Gihon était le nom de l’un d’eux. Quand l’auteur biblique, s’adressant au peuple d’Israël, veut lui faire aimer la Loi que Dieu lui a donnée, il lui parle du paradis et de ses fleuves.

De même que ces fleuves apportaient la fertilité, l’abondance et la vie partout où ils passaient, de même la Parole de Dieu communique à profusion les dons du Saint Esprit et tout particulièrement la sagesse.

Gihon est aussi le nom de l’unique source qui, primitivement, alimentait Jérusalem, la ville du Temple, la ville où Jésus a vécu sa Passion.

Souvent, dans les mosaïques chrétiennes, nous voyons quatre fleuves qui coulent depuis le pied de la Croix, véritable arbre de vie. La Croix du Ressuscité est la parole définitive de Dieu sur notre monde. C’est la parole du salut. C’est la sagesse suprême.

Nazareth

Quand on visite Nazareth, on ne peut pas manquer la Fontaine de la Vierge.

Juste à côté, la source correspondante se trouve dans une église orthodoxe.

Nazareth nous fait penser à Marie, cherchant l’eau à la fontaine, chaque jour, comme les autres femmes du village.

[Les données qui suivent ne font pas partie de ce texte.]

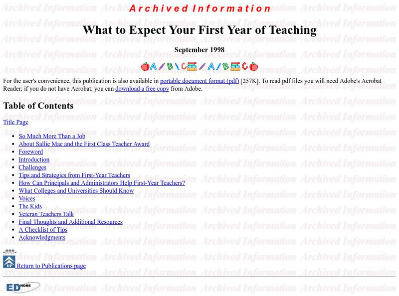 U. S. Department of Education: What to Expect Your First Year of Teaching

Nazareth nous fait penser à Bernadette.

Au jour de l’Annonciation, Marie n’était peut-être pas beaucoup plus âgée que Bernadette en 1858 :

14 ans.

La belle dame apparaît d’abord à Bernadette comme une petite demoiselle, pas plus grande qu’elle.

Le puits de Jacob

Comment aurait-elle pu savoir cette femme de Samarie, qui est Jésus ?

Juifs et Samaritains n’avaient pas de relations et, s’ils en avaient, elles étaient plutôt mauvaises.

Jésus surprend.

La femme ne va pas croire tout de suite. Mais au moins, elle s’intéresse ; elle répond, elle réplique.

Arrivés à cette fontaine, c’est la première grâce à demander : que Jésus, à nouveau, nous étonne et qu’il ne nous lâche pas, tant que nous n’aurons pas répondu.

La femme de Samarie n’avait pas tout compris.

Mais elle avait été tellement bouleversée qu’elle avait laissé là sa cruche et qu’elle était partie, en courant, prévenir les gens de la ville.

La piscine de Bethesda

Autour de cette piscine, à Jérusalem, tout près du temple, se rassemblait une foule d’infirmes, de boiteux, d’aveugles, de handicapés, dirions-nous aujourd’hui.

Le bruit courait que, de temps en temps, l’eau s’agitait et que le premier à descendre dans la piscine était guéri.

Jésus vient dans ce lieu où se rencontrent le malheur et l’espoir. Il voit un homme qui était infirme depuis trente-huit ans. Celui-là n’a plus d’espoir. Il n’a plus que son malheur. Jésus engage un dialogue au sujet de sa guérison.

Il est curieux d’avoir donné le nom de Bethesda à une fontaine, ici à Lourdes, sur le chemin de l’eau puisque Jésus n’a pas plongé l’infirme dans la piscine. Cela doit nous préserver de toute vision magique. L’eau est un signe mais la réalité, c’est la grâce de Dieu.

Quand on interrogeait Bernadette sur les miracles, elle disait qu’il ne fallait pas les attribuer à l’eau de la source elle-même, mais à la foi et à la prière.

L’autre piscine : Siloé

Cette fois-ci, il s’agit d’un aveugle.

L’Evangile ne précise pas son âge mais il est aveugle de naissance.

Cette piscine a un nom prédestiné : envoyé.

Dans saint Jean, c’est le mot qui est employé le plus souvent pour désigner le Christ :

il est l’Envoyé du Père.

Au terme du parcours, nous voici donc arrivés à une fontaine qui porte le nom de Jésus lui-même. Cette fontaine et l’évangile de Siloé nous rappellent ce qui s’est passé à Lourdes.

Le 25 février, Bernadette découvre la source mais l’eau est boueuse.

Le lendemain, 26 février, la Dame n’apparaît pas mais le premier miracle se produit. Il s’agit d’un aveugle, Louis Bouriette, qui avait perdu la vue dans un accident de travail. Il est guéri ce jour-là, quand l’eau de la Grotte baigne ses yeux.